Now, let’s quickly review some of the basics to better understand the algorithm. If you have trouble understanding the basic elements of CALCULATE, don’t worry, it will become clearer when we get to the examples.
There are three things we should take a quick look at:
- Evaluation contexts (filter and row contexts)
- CALCULATE parameters
- Context transition
The evaluation context is the environment in which DAX formulas are executed or evaluated. In other words, DAX formulas calculate results with respect to applied filters from a visualization, such as a table or matrix visualization (filter context), and/or they are evaluated while iterating through a set of rows (row context). To always distinguish filter context from row context, you can remember the popular DAX mantra: the filter context filters, the row context iterates, they are not the same!
The special thing about CALCULATE is that it can modify the existing filter contexts or create entirely new ones, which comes in handy in many use cases. The filter context can be modified using CALCULATE parameters.

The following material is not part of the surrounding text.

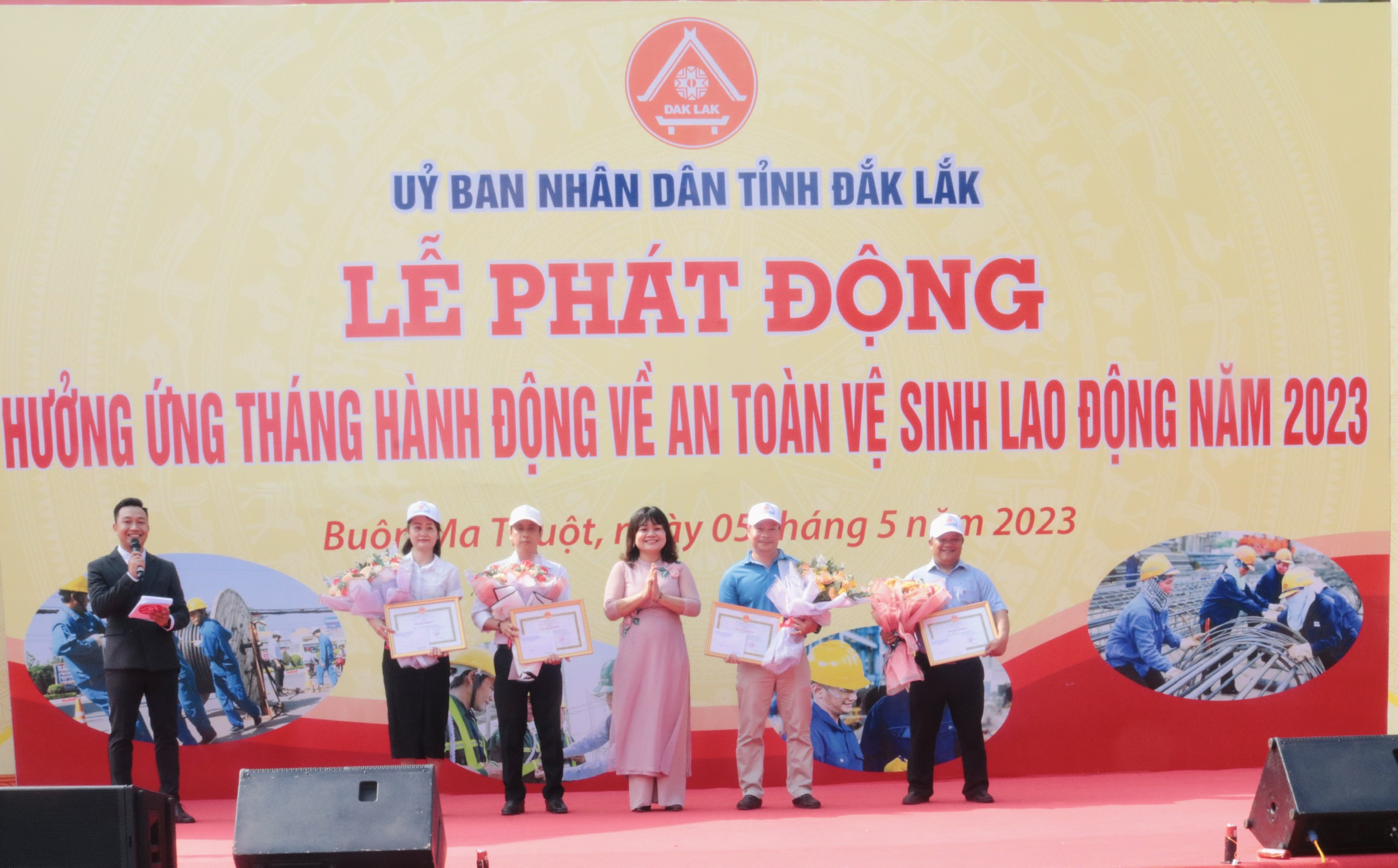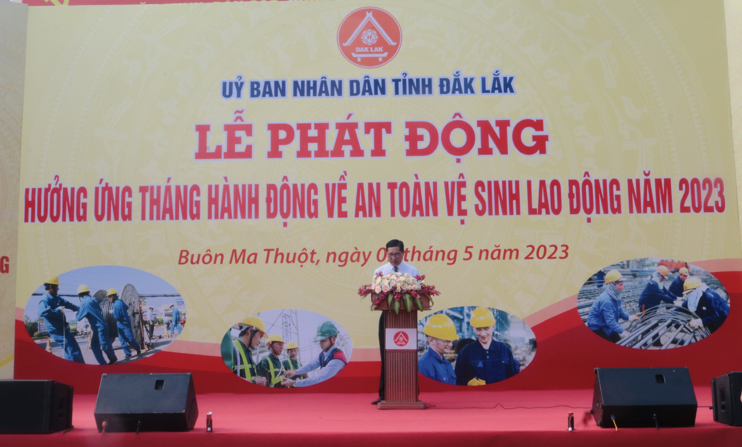 Sáng ngày 5/5, tại Trung tâm Văn hóa tỉnh, Ủy ban Nhân dân tỉnh tổ chức Lễ phát động hưởng ứng Tháng hành động về an toàn vệ sinh lao động năm 2023 trên địa bàn tỉnh với chủ đề “Tăng cường xây dựng quy trình, biện pháp làm việc an toàn và cải thiện điều kiện lao động, giảm căng thẳng tại nơi làm việc”. Thời gian triển khai thực hiện Tháng hành động bắt đầu từ ngày 01/5/2023 đến ngày 31/5/2023. Đến dự lễ phát động có bà H’Yim Kđok, Tỉnh ủy viên, Phó Chủ tịch UBND tỉnh, Trưởng Ban chỉ đạo Tháng hành động về an toàn, vệ sinh lao động tỉnh; đại diện lãnh đạo các sở, ban, ngành, UBND các huyện, thị xã, thành phố, doanh nghiệp đóng trên địa bàn tỉnh và gần 1.000 cán bộ, công nhân viên, người lao động của 30 đơn vị, doanh nghiệp đại diện cho các lực lượng lao động trên địa bàn tỉnh.

There are three types of CALCULATE parameters:
- The first is the expression that will be evaluated in the new filter context created by calculate. There is only one expression in the CALCULATE syntax.

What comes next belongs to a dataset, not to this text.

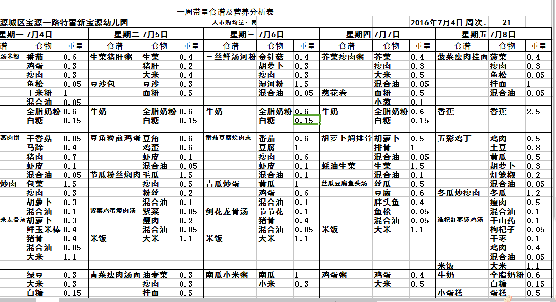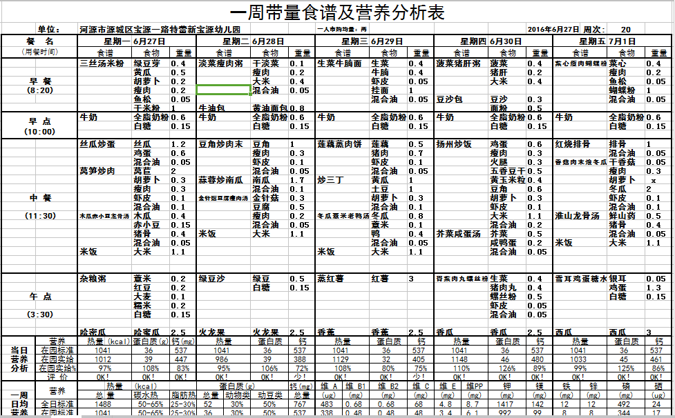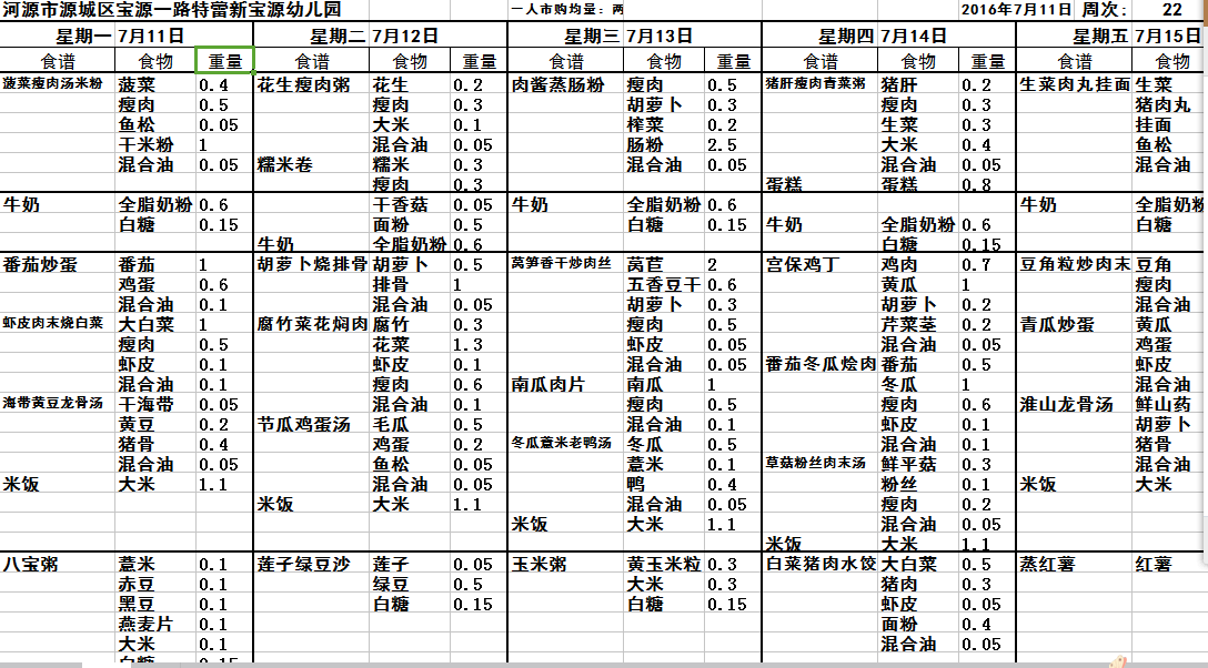 - 每周食谱

- The second type of parameters are the CALCULATE modifiers that either remove filters (the functions with the ALL prefix; ALL, ALLEXCEPT, ALLSELECTED and ALLNOBLANKROW) or modify the relationships between tables in the model at runtime (functions such as USERELATIONSHIP and CROSSFILTERED).
- The third type of parameters are explicit filter arguments, which either overwrite the original filter context (e.g. from a visualization) using filter functions like FILTER or Boolean expressions referencing rows, or add a filter to the original one using functions like KEEPFILTERS.
The other special thing about CALCULATE is that it can transform the row context into a corresponding filter context. In other words, when CALCULATE iterates through rows, each row becomes a unique filter, meaning that each value corresponding to given columns becomes a filter on those columns. If you’re new to DAX and find this confusing, it will become clear as we explore some examples.
Finally, let’s take a look at the algorithm, which is sure to be of great value in your DAX journey.
CALCULATE Algorithm
The algorithm looks like this:
- CALCULATE evaluates its explicit filter arguments in the original filter context.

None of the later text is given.